Q: With self and ego taking over
periodically, do I analyse and look for answers too much?
A: You're a mess! If I
were you, I'd just give up. I find so many of our people in AA, even in the
Grapevine, writing about self-esteem, building self-esteem. I hear people get
up here and talk all the time about 'you have to learn to love yourself before
you can love anybody else'. I am most grateful this is not the case. I never
spent any time trying to build up self-esteem or trying to love me. I wouldn't
have taken me with a large dowry. I hated my damn guts. But I got busy doing
things our book suggests, and it wasn't trying to learn how to 'self-esteem' me
or to love me so I could love you. I don't think that's the way it is at all.

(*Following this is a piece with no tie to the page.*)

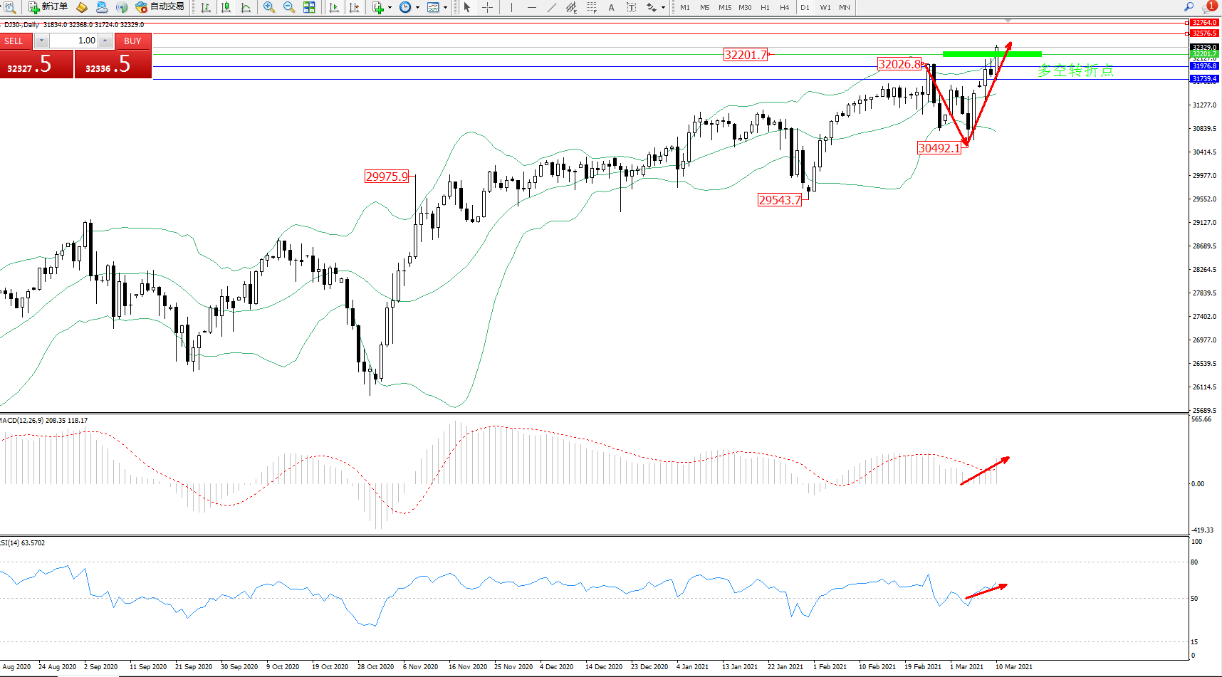 道琼斯指数3月10日(周三)收盘上涨464.35点,涨幅1.46%,报32297.09点;强劲的经济增长可能刺激2月份处于温和状态的通胀数据将来走高。美国经济活动升温将成为可能最终促使美联储调整其低利率政策的因素之一;CPI数据后发布报告称,正目睹很多地方通胀下降时期的结束,以及经济增长和物价被重新评估到令人印象深刻的更高水平。在不出现由新冠疫情引发的经济二次见底情况下,很难认为市场所消化的2023年前美联储将加息一次的约60%概率太高了;在联邦公开市场委员会3月16日至17日会议之前,人们正在揣测政策制定者将需要在未来的某个时候进行多次加息。这种观点与最近美联储一些官员旨在强化央行鸽派政策立场的评论产生冲突,从而使得下周的政策会议更有看点。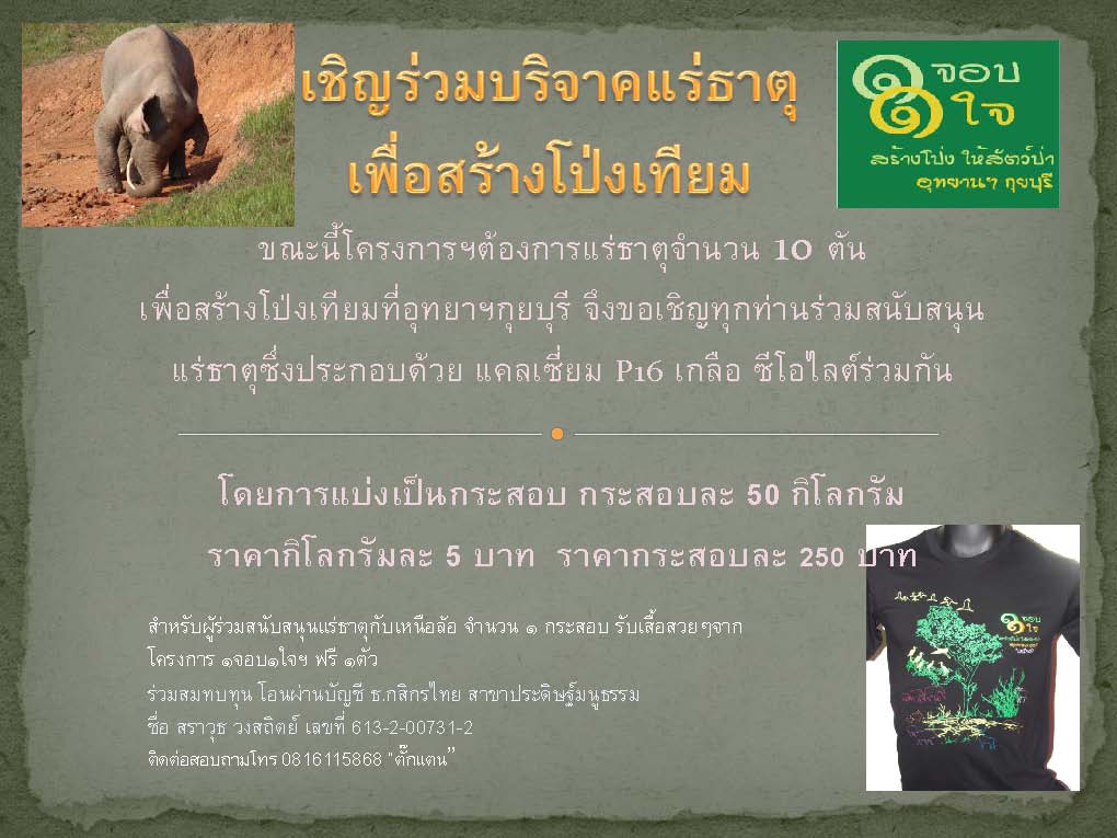 เพื่อนๆพันธมิตรเราชาวออฟโรดและนักเที่ยวป่า สร้างประโยชน์ โดยทางเผ่าเหนือล้อ มีข่าวมาฝากมาเรียนเชิญ ทุกท่านเข้่าร่วมงาน " โครงการ 1 จอบ 1 ใจ สร้างโป่งให้สัตว์ป่า ที่ อุทยานแห่งชาติ กุยบุรี " ในวันที่ 24-26 กรกฎาคม 2553 นี้ โดยมีรายละเอียดดังนี้.....

Francis says, 'For it is better to love than be loved. It is better to
understand than to be understood. For it is in giving that we receive, it is in
forgiving that we're forgiven, and it is in dying to self that we awaken to
eternal life.'
That's exactly what
we've been talking about ever since we've been down here, exactly what we've
been talking about. I don't believe that an image of me would add anything to
my life at all. I haven't any more an image of me than I have of a walrus. I'm
not interested in an image of me, that's not why I'm here. I'm here to share me
with anybody that wants me in love, and let the chips fall where they may. I'm
not even interested in your opinion of what's happened, except when you want to
give it to me. That's not my deal. I love you, and that's all I have to do.
That's what I'm interested in, that's my deal. It's not my deal who you love or
what you love, or what you think. That's your deal. I love you, period. I don't
even have to concern myself with what you think about me. I've got no image at
all of me.
Self-esteem is a term that Modern Psychology has latched onto in it's attempts to understand human emotions "scientifically". However it's a pseudo-scientific concept because basically you cannot measure it. Perhaps some questionnaire could be designed but how to compare individuals, impossible. They made a similar attempt to described what many called love. Wait for it. Unconditional Positive Regard. What has that not made it into the common vernacular?